I would have liked that too.


TI-99/4A sold well in 1982 through to 1984. The cheaper the more and then TI abandons it.


Here's what I see as the bigger problems compared with other big players of that era.


The consumer will hear of or experience:


  • Slow Basic (if not one of the slowest).
  • Access to smooth (Basic compared with machine code) games only through cartridges (all others have native access to machine code).
  • Inaccessible or at least relative expensive for future assembler programmers (Mini Memory or worse).
  • TI obviously trying to keep in control (trying to lockout parties without license).


TI would face:


  • More complicated architecture making it more expensive to produce.


The TI-99/8 does not seem to offer much more and would certainly not be cheaper to produce.


The Commodore 64 was there already (1982-), and Atari ST and Amiga was just around the corner (1985-).

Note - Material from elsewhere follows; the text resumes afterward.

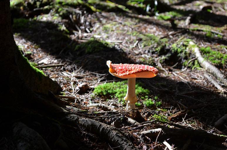 Keywords: mushroom fly agaric red fly agaric mushroom fungal species toadstool gift toxic red white hat stalk points spotted lamellar moss forest forest floor autumn nature light shadow shadow play
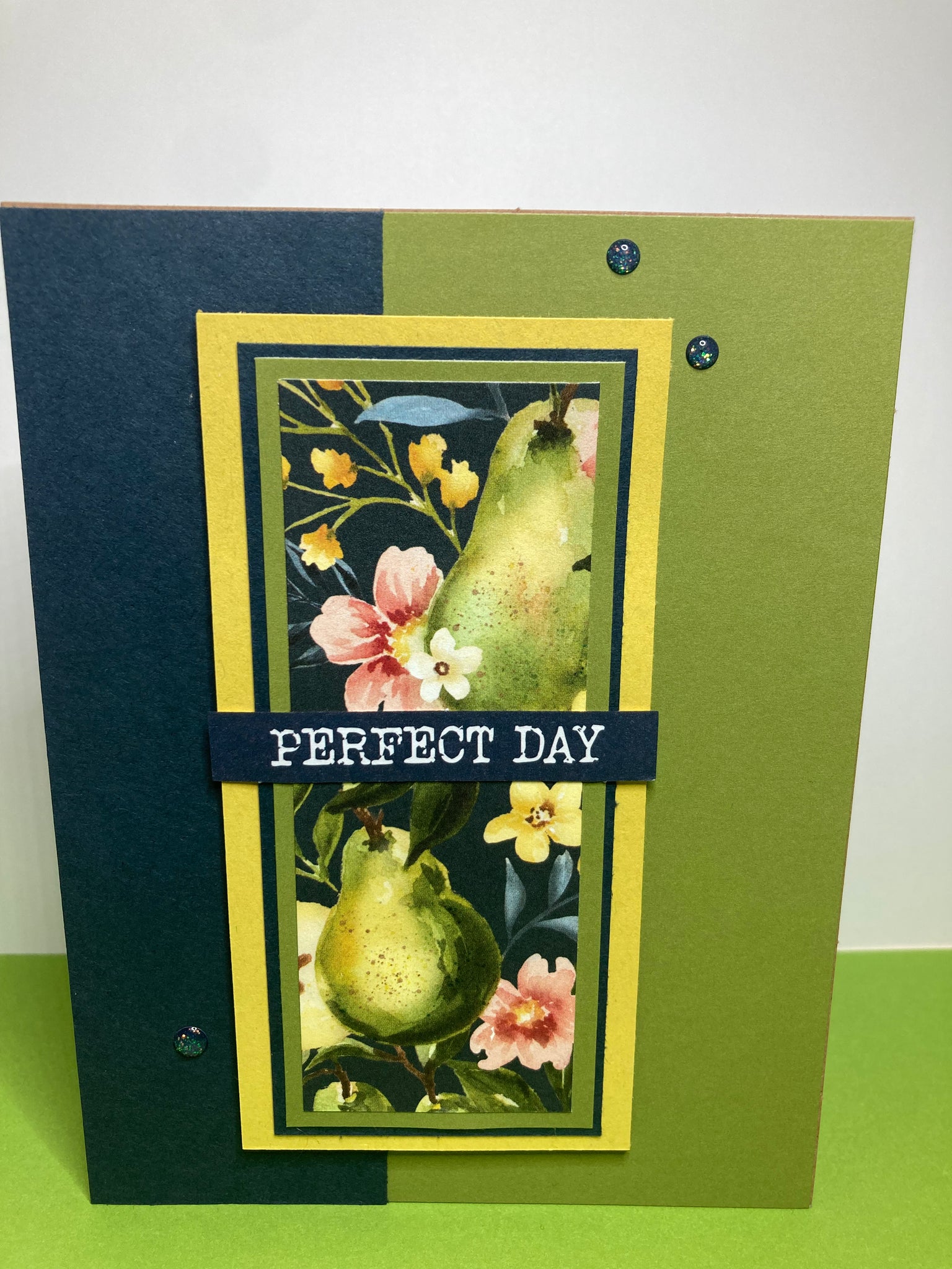 Featuring Quality Stampin Up Paper from the Painterly Pears Collection Ribbon and Embellishments.

TI would have had to design something that offered more (than the TI-99/8) and relatively cheap. Making something not compatible with the TI-99/4A would unfortunately have been the only way to go. One option could have been to jump ship and make a slow shift (on the surface) making their version of the MSX standard, - perhaps promising a TI-99/4A add on to make people more happy to move and then probably not delivering on that one. TI could then have had a hand in shaping the future MSX2 (1986-). A good alternative to the C64, and (hopefully) a cheaper solution than Atari ST and Amiga.